■ Description of the task
Set the whole listing down again, word for word, with no pictures.

■ The data
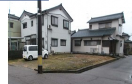
新潟県燕市(土地) 譲渡額約350万円
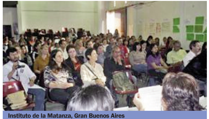
Instituto de la Matanza, Gran Buenos Aires

Más tarde, se formaron grupos de trabajo entre los presentes, que prepararon propuestas de actividades en las escuelas para la promoción de los temas de la Marcha entre los alumnos. Como material de apoyo se utilizó el manual "Nos ponemos en marcha".

■ Answer to the problem
新潟県燕市(土地) 譲渡額約350万円
Instituto de la Matanza, Gran Buenos Aires

Más tarde, se formaron grupos de trabajo entre los presentes, que prepararon propuestas de actividades en las escuelas para la promoción de los temas de la Marcha entre los alumnos. Como material de apoyo se utilizó el manual "Nos ponemos en marcha".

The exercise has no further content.